Sans tomber dans cet extrême, nous avons tous un “petit quelque chose” qui nous fait nous sentir bien au travail. Ou plus précisément, qui nous rappelle une version de nous-même qui nous plaît. Qu’il s’agisse d’un objet, d’une passion, d’une manière de se présenter au monde, on s’y accroche fermement pour ne jamais avoir la sensation de se fondre dans notre environnement pro. Ça vous parle ? Quatre salariés nous présentent leur Fiero à eux.
« Mes talons de 12 cm m’ont donné le pouvoir de m’exprimer », Marie, 37 ans, DRH
Je me tenais plus droite et j’avais l’air plus grande, ce qui boostait considérablement ma confiance en moi. Comme si j’avais enfilé une cape de super-héroïne
Avant de travailler dans mon entreprise actuelle, j’étais DRH dans une boîte tech où, au comité de direction, les hommes dominaient, numériquement parlant. Nous n’étions que deux femmes dans cette équipe d’une dizaine de personnes. Alors, forcément, les réunions pouvaient être un peu houleuses… C’était “à qui parlera le plus fort”. Dans ce contexte, difficile de se faire entendre…
Au fil du temps, j’ai remarqué que lorsque je portais mes hauts talons (et pas n’importe lesquels : 12 cm), j’avais l’impression de m’imposer plus facilement dans tout ce brouhaha. Je me tenais plus droite et j’avais l’air plus grande, ce qui boostait considérablement ma confiance en moi. Comme si j’avais enfilé une cape de super-héroïne.
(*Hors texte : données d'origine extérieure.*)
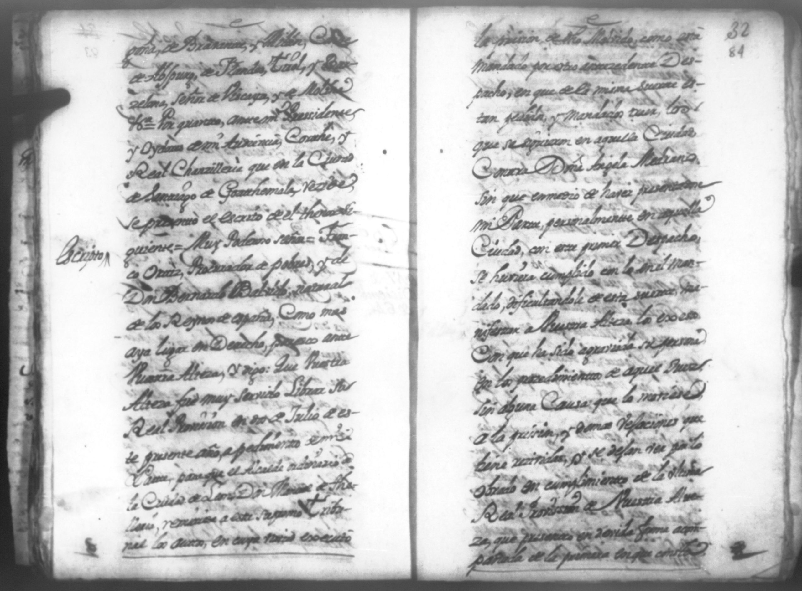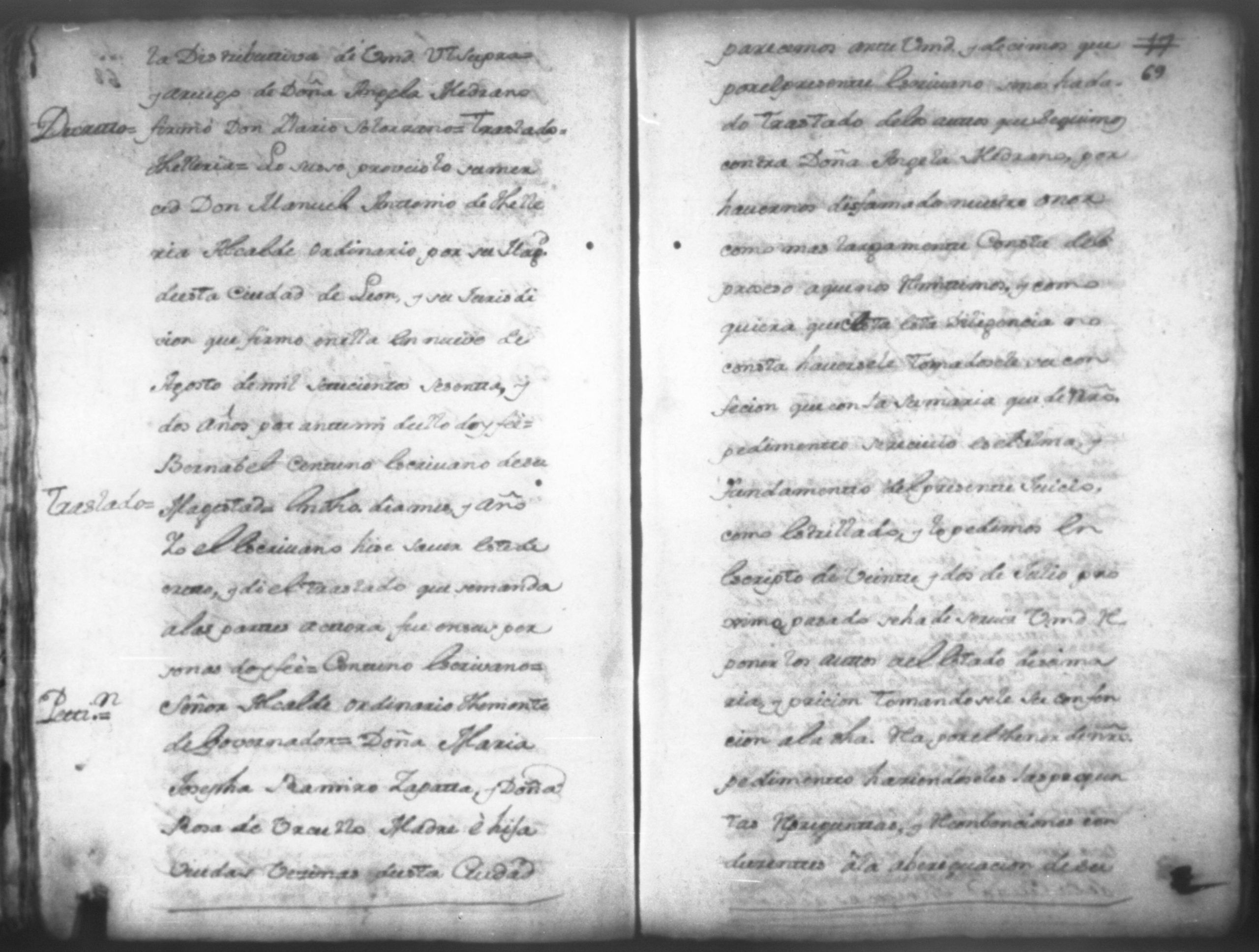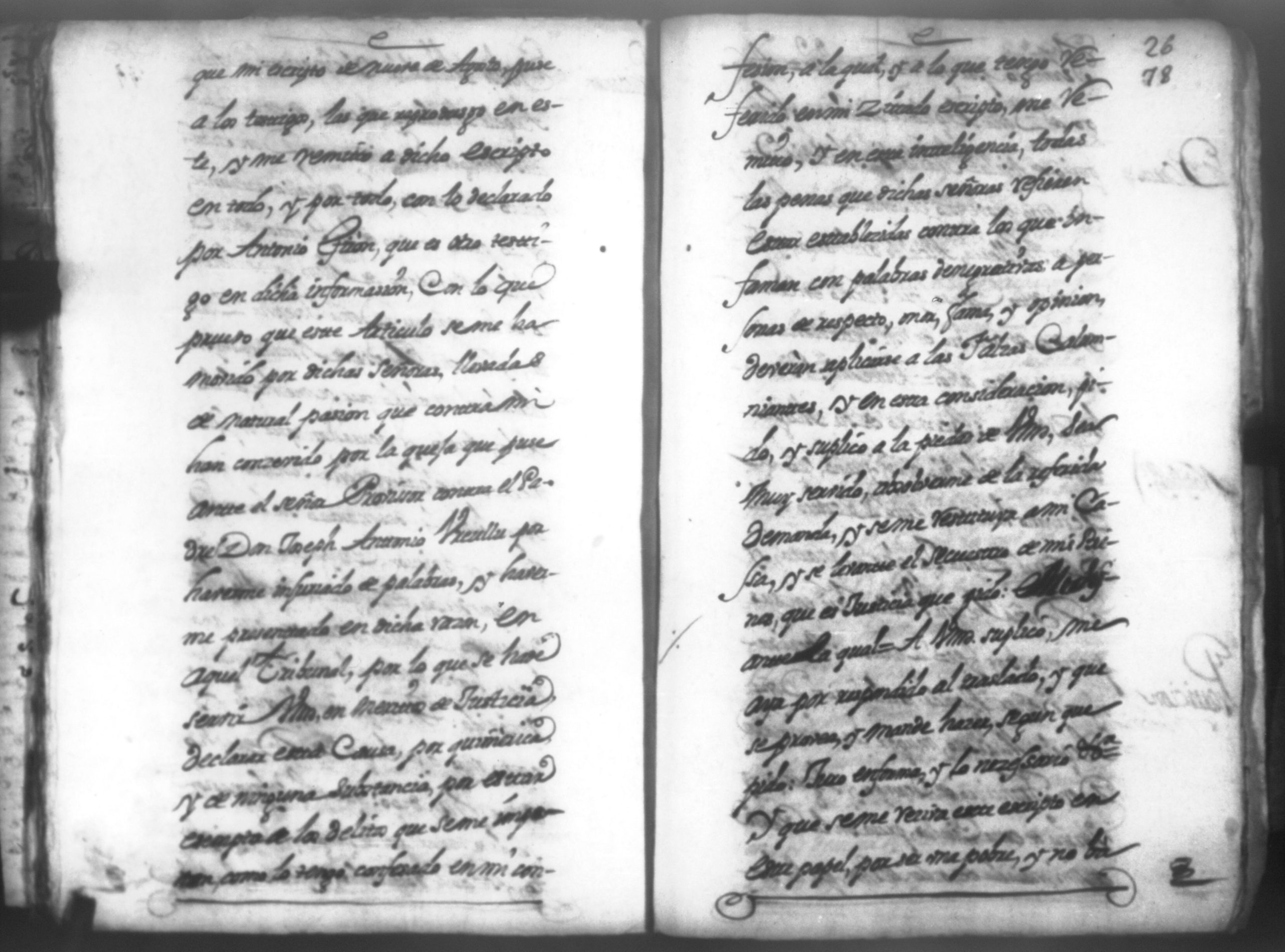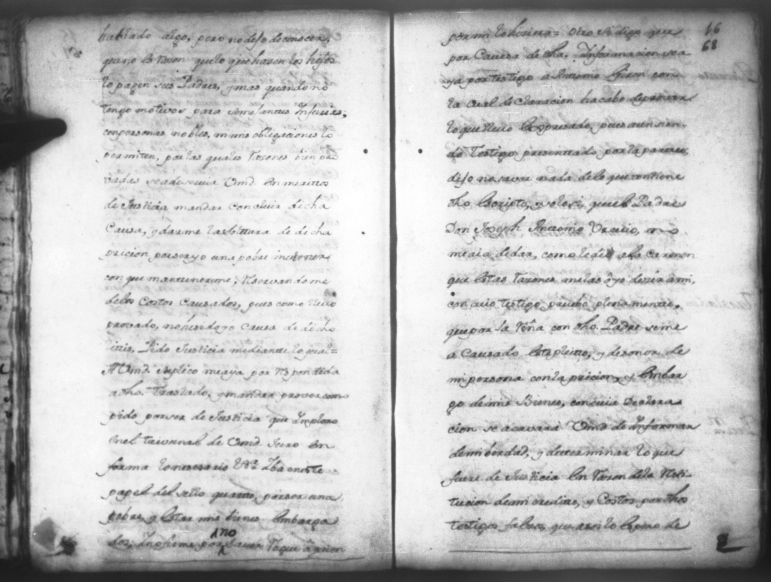 Temática: Don Manuel Antonio de Thelleria Alferes Mayor […] de Cano desta ciudad Ante Vuestra Majestad paresco y digo: que ami derecho combiene se sirva Vuestra Majestad hacer comparecer ante si al Capitan Don Francisco Altamirano y Velasco y a Don Francisco de Oses y debajo de la [relicencia] del juramento. Criminal. 1763. Contra Bernardo de Malvido.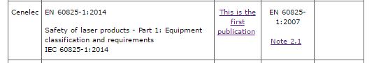 2017年12月31日最后一欄中的數字是指可交付成果到期的日期,很快就會有消費者激光器的特定安全標準,這意味著超出另一個安全指令(如LVD)范圍的激光產品將需要符合特定的激光安全標準才能符合GPSD。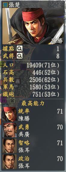 君主:陈胜创造性:创造君主士道:创造(造反就是有理,我可是第一个!【我偷偷地说:然而这并没有什么用耶】)专属政策:揭竿而起大楚兴陈胜王,我喊我喜欢,我喊我造反,我喊我作死什么,你们竟然说我酱油!我可是第一人啊,第一人啊!你管我是不是屌丝逆袭了。但是这没有什么用处,吴广看着陈胜说:陈哥,你说我们势力有啥人。陈胜说:管他呢,谁要来都欢迎于是陈胜轰轰烈烈领着一堆杂牌军加进来了,等我看看,什么吕臣周文就算了,还算是自己的哥们,但是武臣周市这些你和我说什么鬼。陈胜暴跳如雷:项羽呢?刘邦呢?彭越呢?为嘛不把他们算进去吴广捏了一把汗说:你以为他们会来吗,我的哥。。。于是我看陈胜太惨了就给你和吴广一个光环数据吧。你们不要以为陈胜能凑够人就很好哦,其实那群家伙,嘿嘿,暗地里不服滴,我估计等下项羽和刘邦就挖走了。陈胜拍桌子大怒:哥们,我们揍瓦岗去!唉,本是同根生,相煎何太急啊~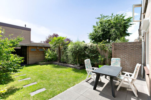 De fijne achtertuin, gelegen op het zuiden, is verzorg aangelegd met een verhard terras, gazon en diverse plantenborders met groene volwassen beplanting. Achterin de tuin staat een houten berging voorzien van elektra, met ernaast een overkapping met de eigen achterom.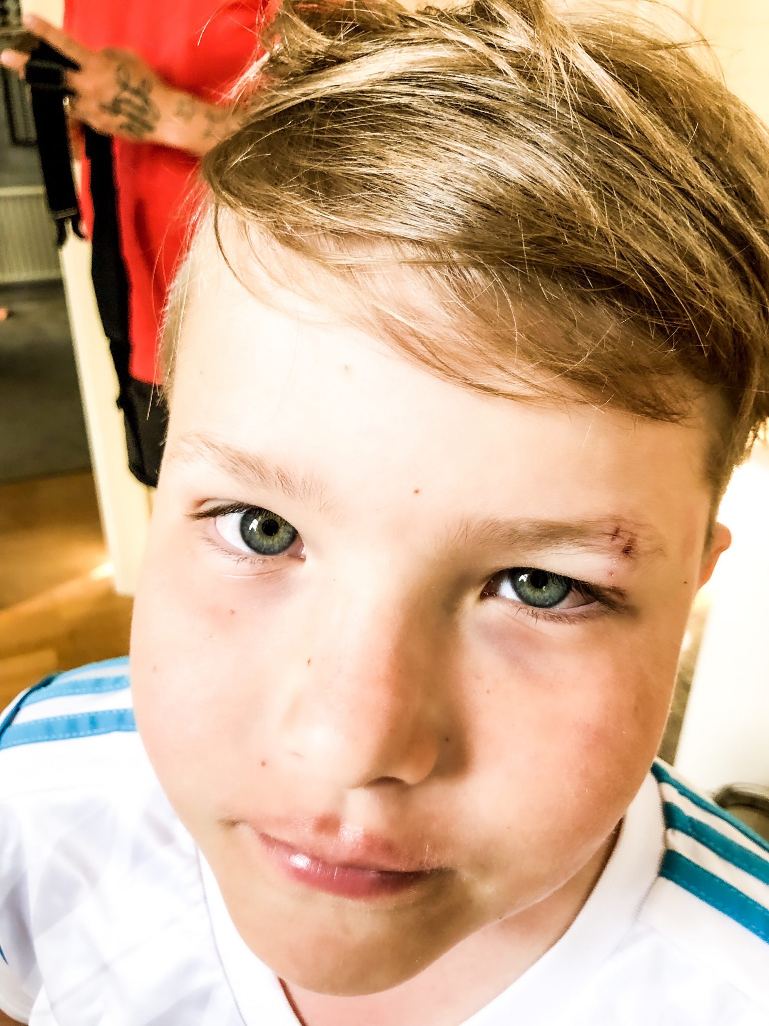 Kolla in vår lille solstråle då? Ämen idag hade det varit oturens dag på idrottsdagen. Inte nog med att han ramlade ned för ett par trappor och skrapade upp hela benet? Nä, han sprang in i en stolpe också och slog i ögonbrynet. Där kommer det nog bli en blåtira nu. Tufflen!

Alors, j’ai commencé à les porter consciemment, les jours où j’avais des réunions importantes. J’attendais toujours assise devant la salle avant que le meeting ne débute, et quand mes collègues arrivaient et que je me levais pour les saluer, ils m’arrivaient tous à l’épaule ! Et quand venait mon tour de parler, je n’hésitais pas non plus à me lever, pour m’imposer encore plus.
Je ne suis pas certaine qu’ils aient remarqué une évolution dans mon assurance, mais je crois que je le faisais surtout pour moi. J’étais fière de m’imposer sans pour autant reprendre des codes masculins, comme parler fort ou se la jouer “cool” en portant le fameux duo jean-basket. J’avais envie d’avoir ma technique bien à moi. Les talons ne me représentent pas forcément (même si ça me permettait de m’offrir des chaussures canons et ça, je ne disais pas non), mais ils m’ont donné le pouvoir d’être moi-même.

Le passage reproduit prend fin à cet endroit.